The system’s behavior is tested with concrete questions about Meta’s earnings PDF. It correctly identifies items like the “most significant innovation” (tied to the new version of Meta AI with W 3 mentioned in a Zuckerberg quote), and it extracts numeric values from tables such as 2024 revenue (36,455 million) and 2023 revenue (28,645 million), including percentage year-over-year change. It also handles arithmetic questions derived from the tables, though not perfectly: one revenue-minus-cost calculation for 2023 is shown to be wrong, illustrating that even with strong retrieval and reranking, the LLM can still make mistakes when performing multi-step computations.
Overall, the build demonstrates that advanced RAG quality comes from disciplined document-to-vector preparation and retrieval refinement (parser + chunking + embeddings + Qdrant + reranker), while the LLM’s prompt can only partially mitigate errors—especially for calculations—without additional safeguards.
Cornell Notes
The pipeline for “chat with a PDF” is built around three parts: a knowledge base that turns PDFs into chunked embeddings, a reranker that improves which chunks reach the LLM, and an LLM (Llama 3 70B via Gro API) that answers using the retrieved context. The knowledge base uses LlamaParse to convert a complex, table-heavy financial PDF into structured markdown, then splits it into overlapping chunks (2,048 chars with 128 overlap), embeds them with FastEmbed, and stores vectors in Qdrant. Retrieval starts with Qdrant similarity search (top-k candidates), then Flashrank reranks those candidates using pairwise ranking to push the most relevant chunks to the top. In tests on Meta earnings content, the system extracts table values accurately and answers quote-based questions well, but it can still make arithmetic mistakes, showing that retrieval quality doesn’t fully eliminate LLM errors.
Why does the build emphasize LlamaParse for financial PDFs instead of relying on generic PDF text extraction?
How do chunking choices affect retrieval quality in this RAG setup?
What role does Qdrant play, and what does “top five” retrieval mean here?
What does the reranker change compared with raw vector similarity search?
How does the prompt design try to reduce hallucinations, and what limitation remains?
What does the “stuff” chain type imply for how context is fed to the model?
Review Questions
- If the parser produced poorly formatted markdown from a table-heavy PDF, which downstream steps would likely degrade first: chunking, embeddings, retrieval, or reranking—and why?

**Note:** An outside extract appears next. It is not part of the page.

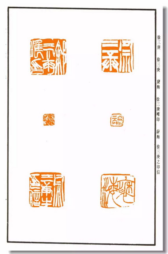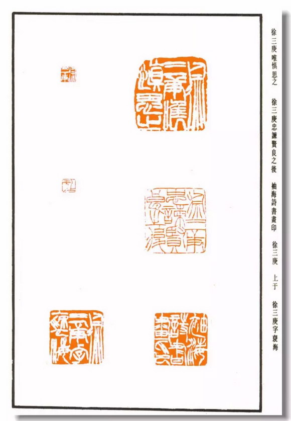 清篆刻家徐三庚,篆刻作品选,刻印力追秦汉,别树一帜 徐三庚(1826-1890)清末著名篆刻家。字辛谷,又字诜郭,号金罍、井罍,又号袖海、褎海,自号金罍道人、似鱼室主、余粮生、山民,别号翯然散人等,上虞章镇大勤人。工篆隶,与吴让之、赵之谦齐名,能摹刻金石文字,所刻吴皇象书天发神谶尤佳。刻印力追秦、汉,能于邓石如、吴熙载诸家而后,别树一帜。近时篆刻家多宗之。其晚年篆刻趋向定型,习气渐深,终成流弊。 → 下载链接 (提取码:b22b) 页码: 页 1, 页 2, 页 3, 页 4 印谱.教程.技法 - 分享 加微信获取:wenbaozhai365

- In this setup, where does the system spend most of its time: embeddings, vector search, reranking, or LLM inference? Identify the approximate timings mentioned and what each stage accomplishes.

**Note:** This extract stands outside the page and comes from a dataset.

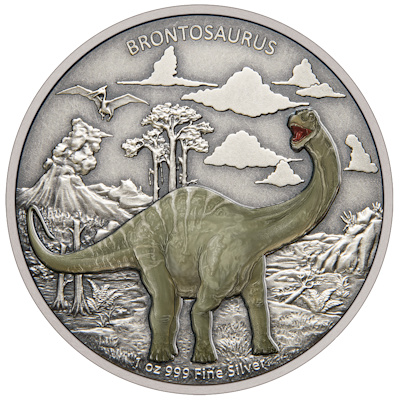 Der Brontosaurus ist in Grüntönen koloriert und füllt fast die ganze Breite der Münze aus. Der silberne Hintergrund zeigt eine urzeitliche Landschaft mit einem Vulkan und einem Flugsaurier am Himmel. Über dieser Szene ist der Name des Dinosauriers aufgeprägt. Der Münzrand ist geriffelt. Umseitig findet man das Porträt von Königin Elizabeth II., darüber das Ausgabeland Niue. Der Nennwert ist mit 2 Dollars angegeben. Die Silbermünze hat einen Durchmesser von 40 Millimetern und enthält 1 oz Feinsilber bei einem Feingehalt von 999/1000. Sie ist verpackt in ein Etui und in einem Shipper, auf dem ein Brontosaurus abgebildet ist. Ein nummeriertes Echtheitszertifikat gibt es dazu.

- Why can a RAG system answer quote-based questions well yet still fail on arithmetic derived from extracted table values?
Key Points
- 1
Use LlamaParse to convert complex, table-heavy PDFs into structured markdown before any embedding or retrieval happens.
- 2
Split parsed markdown into overlapping chunks (2,048 characters with 128 overlap) to preserve context across boundaries.
- 3
Store chunk embeddings in Qdrant and start retrieval with similarity search (e.g., top-k candidates) to narrow the search space.
- 4
Add a reranker (Flashrank) after vector retrieval to reorder and filter candidates using pairwise ranking for better context quality.
- 5
Feed the reranked context plus the user question into Llama 3 70B via Gro API using prompt instructions that discourage hallucinations.
- 6
Expect remaining failure modes for multi-step computations even when retrieval and reranking are strong; consider adding validation or calculator-style checks if accuracy is critical.